RK: There are a few things that stand out for me about “Open Science”; exposure and accessibility, reproducibility and building. I cannot count the number of times I have tried to find articles or journals only to get access to just an abstract. This seems to me like a block towards building the scientific body of knowledge and education in general. Open Science can benefit more than just my field of research and community because it will expose the future generation, who are curious about science and building their futures, and are already de-motivated by how difficult it must be if access to information is already restricted. Open Access to publications will open science. Another thing that stood out for me during my Master’s years was the concept of “Reproducibility”. When I was writing my methodology chapter, I kept being reminded about this, because in order for someone else to learn, they need to understand what I did and be able to do it again and get similar results. This meant to me that more than being able to prove how credible the work was, it was going to allow someone else to do what I did with different samples in a completely different location and build the database of results using the same methods I did. So open access will allow for a more exponential growth in research and science. 

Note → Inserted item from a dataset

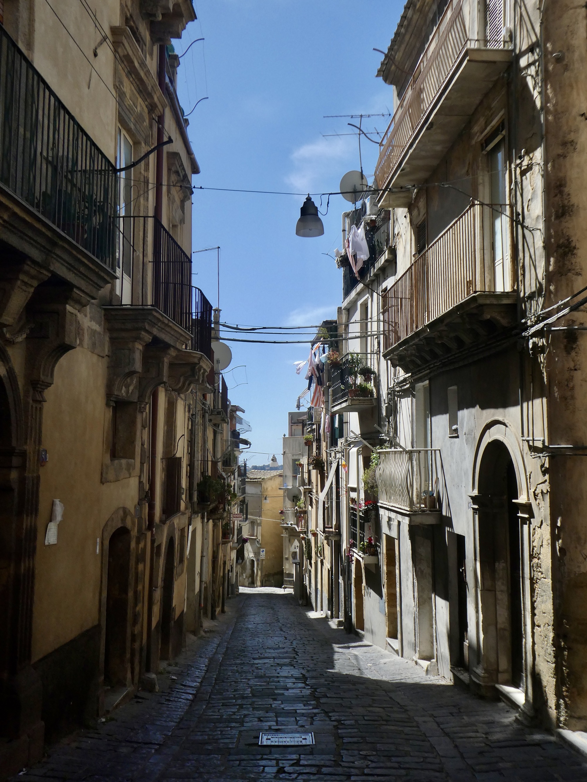 We fell down though on the planning side when we decided to stay in Caltagirone for three nights. I envisioned it as a good inland base for a pair of day rides; but if I’d bothered to consult the posts from our previous two visits I’d have been reminded that it’s another of Sicily’s very difficult cities to navigate by bike - or on foot for that matter, because many of the streets are very narrow and have only a token sidewalk about a foot wide to shelter you from oncoming traffic. It’s especially unnerving after dark, when we find ourselves squeezed into doorways and inhaling time and again to evade the protruding mirror of the next passing car.

MM: Open data science in my opinion plays an important role for people from countries where their institutions may not always subscribe to what allows easy access of information for example publications. On the whole, I think it is important to allow for reproduction of the work, comparisons and future use by those after us. Mainly also because interpretations may vary within the discipline, it is important to put it all out there to encourage discussions especially for the research methods. As for how it can benefit my community…that is a tough one if the community in this case is the general public as this kind of data is often in a format that they are not seeking for.  

Note: PLOS recently announced a new Global Research policy that covers ‘parachute research.’